That was image retention,not burn in.
Which becomes burn in after a short time. It also did not go away after many tries when it showed it. If it was image retention, it would have gone away by running some solid colors on the screen for hours, but it did not.
And last I checked, it is still called BURN-IN from many experts like CNET.
https://www.cnet.com/news/oled-vs-poled-screen-phones-burn-in/
Please educate yourself from the article above.
"
What exactly is burn-in?
Problems of a lingering afterimage have been around since the first days of plasma TV. Traditionally "burn-in" means that the afterimage (a ghostly "impression" of the image that was on the screen previously) never goes away; it's permanently burned into the screen. Image retention, on the other hand, implies something temporary, where the afterimage disappears eventually.
Whatever you call it, burn-in is generally caused by leaving a static section of screen on for a long time. Examples on TVs include logos and tickers at the bottom of news channels like CNN, a score bug from a baseball game, or the status display from a video game. You see more static images on phones, particularly the notification and navigation bars.
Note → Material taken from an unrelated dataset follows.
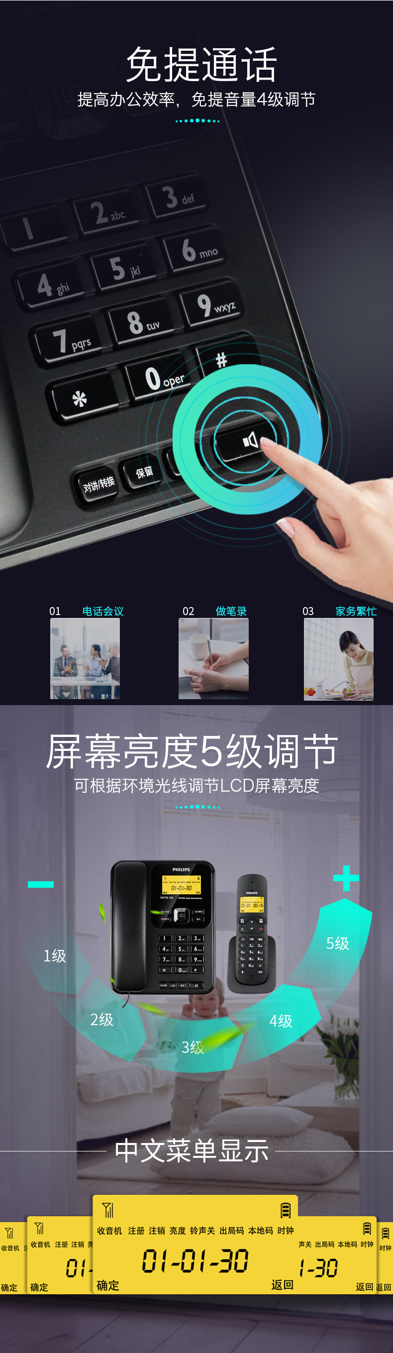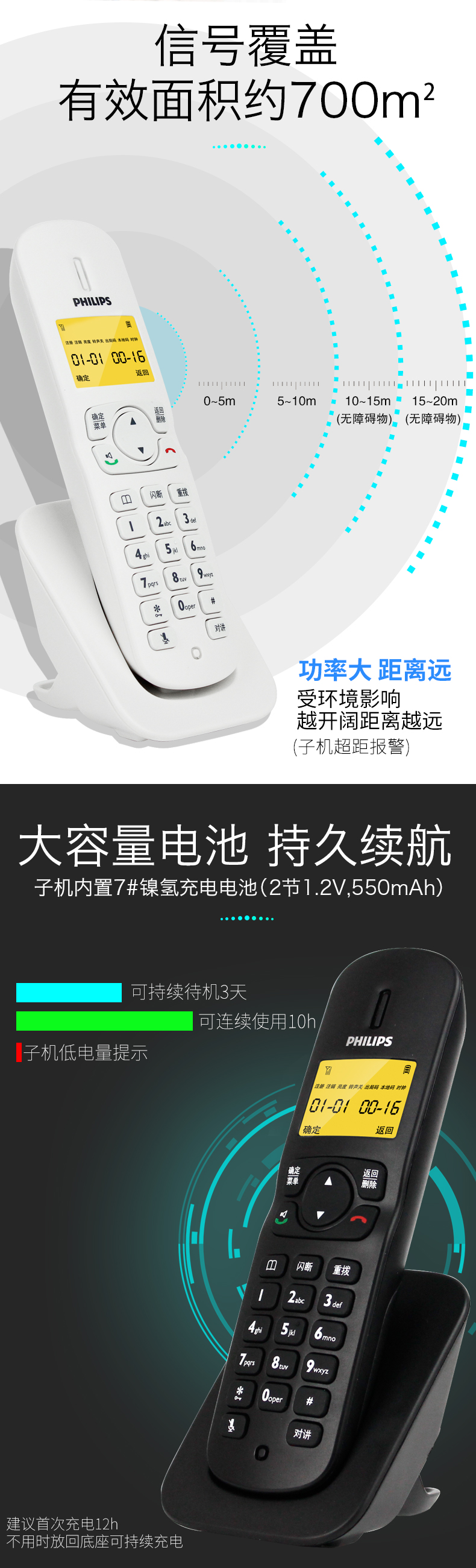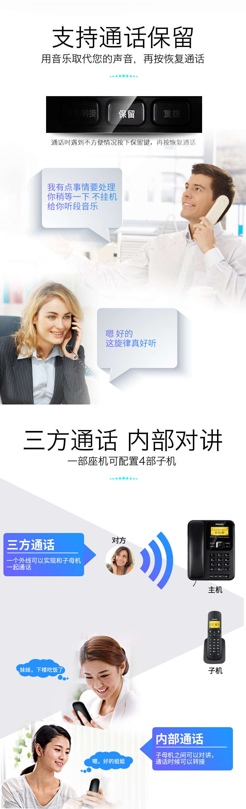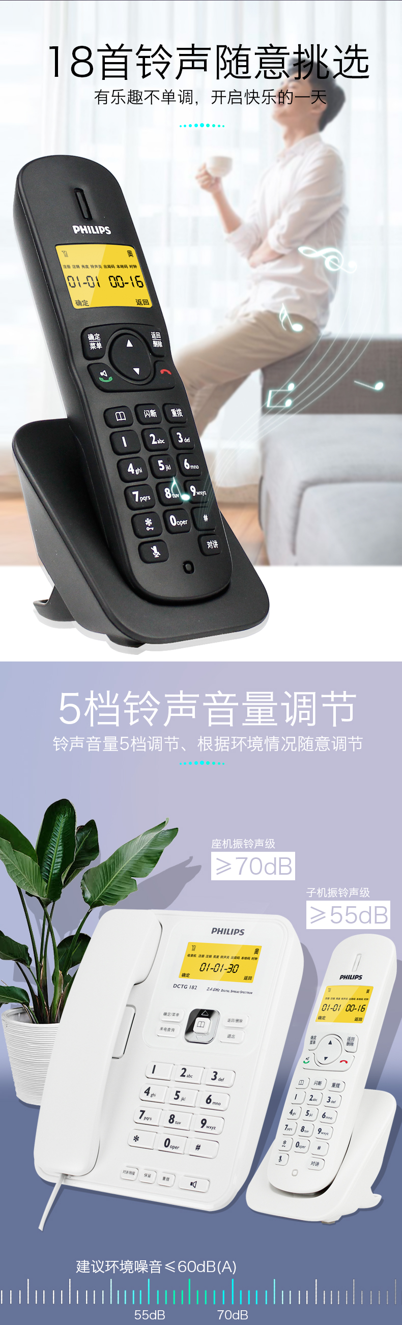• 商品名称:飞利浦(PHILIPS) DCTG182 无绳电话机 无线座机 子母机 可扩展子机 双免提 一拖一 (白色)

Watch this: What is Pixel Burn?
1:20
In most cases, those static sections of screens don't linger as faint afterimages. But on the Pixel 2 XL, the faint lines of the notification bar and hotkey buttons still stuck around after the display was turned off overnight and after running a screen burn-in fix video. These factors suggest that this issue is more persistent than standard image retention, which usually disappears after some time."